Greetings: I just bought a 2012 VW Scirocco 2.0 TDI R Line, in Germany... I am an american living in Finland, and in NY. My hope was to ship this baby to NY, but it seems that this is not possible! I have reached out to Registered Importers in the US, who have said they are not able to modify this EU car for US specs. One said because it needs to be crash tested. Is this true? Does anyone have any experience doing this, with a Scirocco? Another one said he thinks VW is trying to limit non US Scirocco models, so they make it next to impossible to do this (meaning expensive). As an alternative, I can ship it Finland, but this thing is a real work of art, and I'd really like to have it stateside. Any help anyone can give, is much appreciated!

thanks


----------



## VWFast96 (Mar 25, 2006)

Scirocco2USA said:


> Greetings: I just bought a 2012 VW Scirocco 2.0 TDI R Line, in Germany... I am an american living in Finland, and in NY. My hope was to ship this baby to NY, but it seems that this is not possible! I have reached out to Registered Importers in the US, who have said they are not able to modify this EU car for US specs. One said because it needs to be crash tested. Is this true? Does anyone have any experience doing this, with a Scirocco? Another one said he thinks VW is trying to limit non US Scirocco models, so they make it next to impossible to do this (meaning expensive). As an alternative, I can ship it Finland, but this thing is a real work of art, and I'd really like to have it stateside. Any help anyone can give, is much appreciated!
> 
> thanks


In a word, no.
In a few more words:
It is not 25 years old (exempt from testing, regulations, etc...)
You WOULD have to crash test it, therefore you'd have to buy and import MULTIPLE Sciroccos
It is NOT "substantially similar" to a vehicle sold here
Just read this:
http://jalopnik.com/here-are-the-four-legal-ways-to-import-a-car-to-the-uni-1682067632

Sorry, it'll have to stay in Europe.


----------



## smgs92 (May 21, 2013)

Import to Canada drive it to NY keep for a track car or figure out how to make it street legal with it already there.


----------



## britishrocco (Dec 14, 2006)

smgs92 said:


> Import to Canada drive it to NY keep for a track car or figure out how to make it street legal with it already there.
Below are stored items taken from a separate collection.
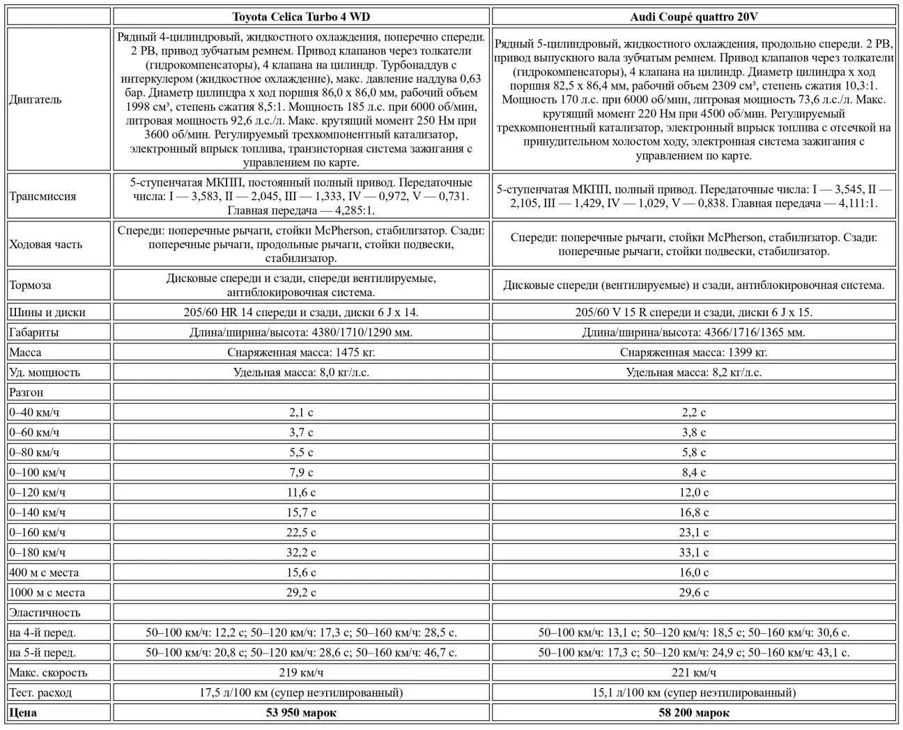 Дизайнерам Audi можно верить на слово: у них перед глазами не висел проспект Toyota, когда они рисовали версию купе на базе седана 90 quattro 20 V. Тем не менее сходство с дальневосточным первопроходцем поразительное. Оба купе полноприводные. Оба двигателя «дышат» через четыре клапана на цилиндр. Их мощность — 170 л. с. и 185 л. с. — находится в одном классе. Впрочем, Toyota представила мощную версию Celica еще в октябре 1986 года, то есть на добрых два года раньше, чем ингольштадтцы показали свое новое купе Quattro. Audi, конечно, могла себе позволить не спешить, ведь предшественница 90-й модели в кузове купе с момента своего появления в 1980 году разошлась тиражом более 169 000 экземпляров. А с легендарной Ur-Quattro, проданной в количестве более 120 000 штук, Audi штурмовала вершины мировых раллийных трасс.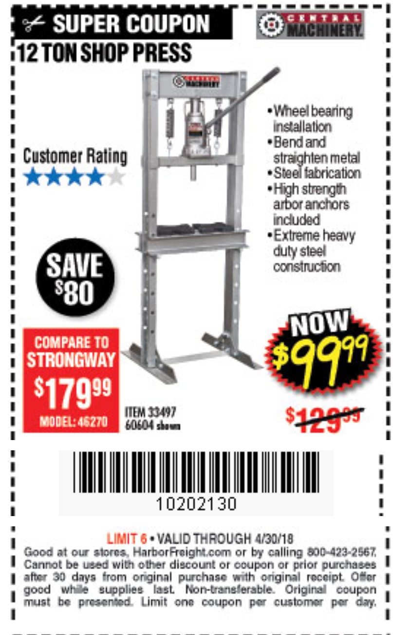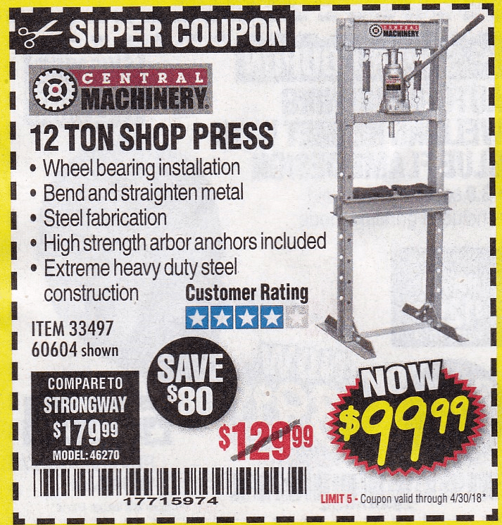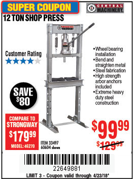 12 TON SHOP PRESS Lot No. 33497/60604 Expired: 4/30/18 - $99.99 Coupon Code: '17715974'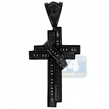 Black 14K Gold 1.32 ct Diamond Double Cross Mens Pendant

not legal in canada either


----------



## GTINC (Jan 28, 2005)

smgs92 said:


> Import to Canada drive it to NY keep for a track car or figure out how to make it street legal with it already there.


And how would he register and insure it?


----------



## BlueJay83 (Feb 14, 2015)

Sorry to give you the bad news, but you would risk having the car impounded with no recourse if you were able to get it to US shores. I have imported 3 Land Rover Series/Defenders over the last several years, and the US "Gubment" is strict about import violations. All of my Landies have been 25 years old or older (to avoid the hiring of a Registered Importer and an engineering firm to do all of the safety proof testing as VWFast96 alluded to in his response). Even then, each vehicle got the "hairy eye ball" inspection as if I was also smuggling an illegal substances into the US. 
Once I got my trucks back to my home state, I had to fight to get them to get inspected, titled, and registered. The Delaware DMV auto database only lists North American spec vehicles, so they have to create the vehicle specifics each time (these are generally employees who do only the minimum amount of work, nothing more). Over time, I have learned how to communicate with my DMV, and fortunately, I have driven away with each truck legally represented. Much less risky..
Kind regards,
Beans

2010 JSW tdi
1986 Land Rover Santana SIII diesel
1984 Land Rover Defender 110 Pick Up diesel


----------



## GTINC (Jan 28, 2005)

If it could be done legally, don't you think the highways would be crawling with models we don't get here? Don't you think there is a reason you don't see them? You think you are the first to have the idea?


----------